## What to do:
Only one stretch of the data should be retyped: the lines from the line containing "açıklarında kıyıya sürüklendi." through the line containing "役 & 最新改良の芝生バリカン】改良点❶Elikliv". Keep pictures out of it.

## Dataset extract:
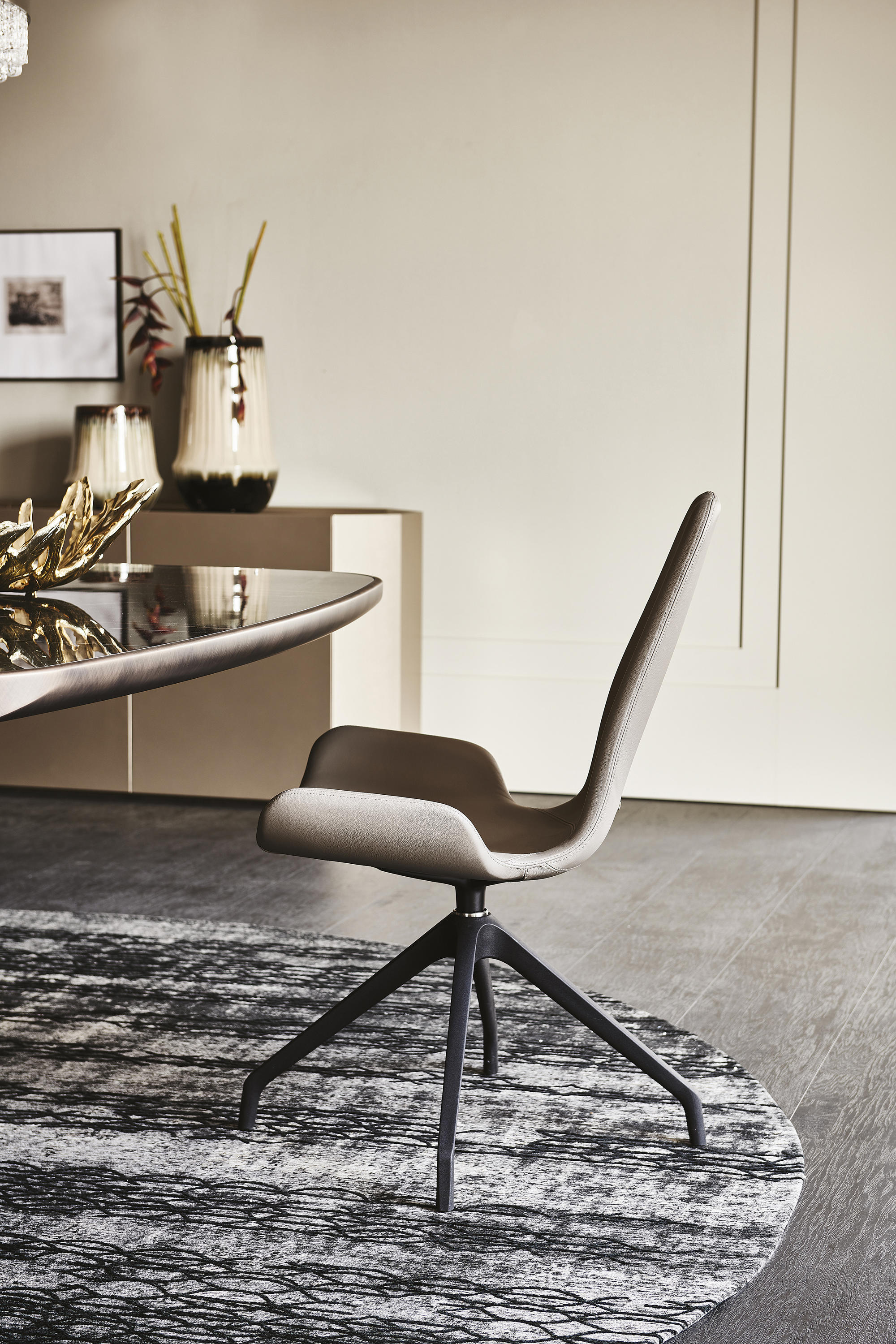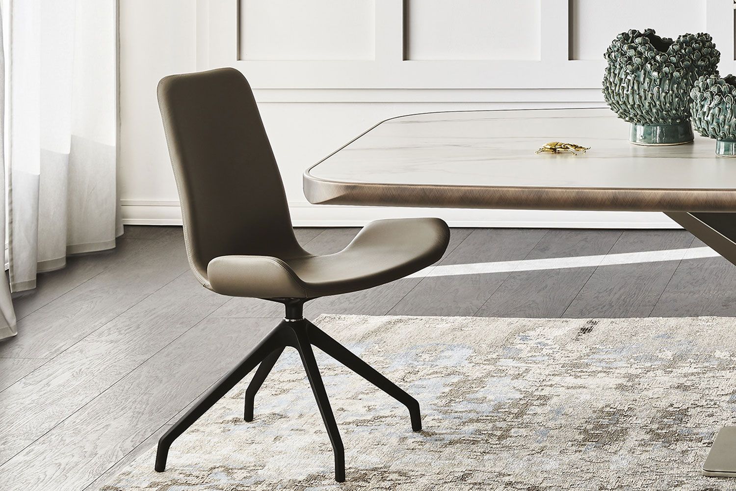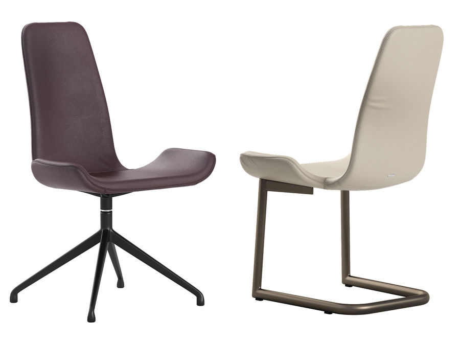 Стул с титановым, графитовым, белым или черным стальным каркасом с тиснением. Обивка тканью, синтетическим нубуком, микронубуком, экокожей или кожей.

* * *

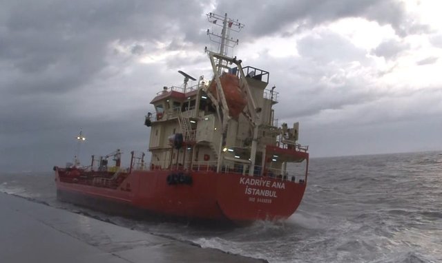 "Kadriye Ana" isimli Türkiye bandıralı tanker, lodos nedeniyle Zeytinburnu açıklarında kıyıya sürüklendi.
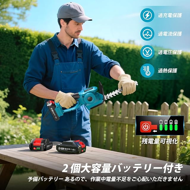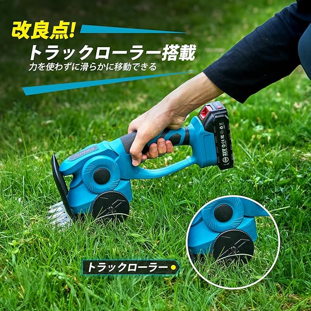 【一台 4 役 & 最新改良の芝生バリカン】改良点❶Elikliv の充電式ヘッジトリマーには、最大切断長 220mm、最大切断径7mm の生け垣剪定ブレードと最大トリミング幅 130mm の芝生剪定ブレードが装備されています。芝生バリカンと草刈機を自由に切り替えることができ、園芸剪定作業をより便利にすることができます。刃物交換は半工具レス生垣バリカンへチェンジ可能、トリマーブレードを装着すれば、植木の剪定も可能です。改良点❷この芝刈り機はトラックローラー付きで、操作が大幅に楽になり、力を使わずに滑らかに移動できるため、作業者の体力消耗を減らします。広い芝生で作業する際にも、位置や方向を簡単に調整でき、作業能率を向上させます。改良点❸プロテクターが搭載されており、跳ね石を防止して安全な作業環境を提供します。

## Result for this task:
 "Kadriye Ana" isimli Türkiye bandıralı tanker, lodos nedeniyle Zeytinburnu açıklarında kıyıya sürüklendi.
 【一台 4 役 & 最新改良の芝生バリカン】改良点❶Elikliv の充電式ヘッジトリマーには、最大切断長 220mm、最大切断径7mm の生け垣剪定ブレードと最大トリミング幅 130mm の芝生剪定ブレードが装備されています。芝生バリカンと草刈機を自由に切り替えることができ、園芸剪定作業をより便利にすることができます。刃物交換は半工具レス生垣バリカンへチェンジ可能、トリマーブレードを装着すれば、植木の剪定も可能です。改良点❷この芝刈り機はトラックローラー付きで、操作が大幅に楽になり、力を使わずに滑らかに移動できるため、作業者の体力消耗を減らします。広い芝生で作業する際にも、位置や方向を簡単に調整でき、作業能率を向上させます。改良点❸プロテクターが搭載されており、跳ね石を防止して安全な作業環境を提供します。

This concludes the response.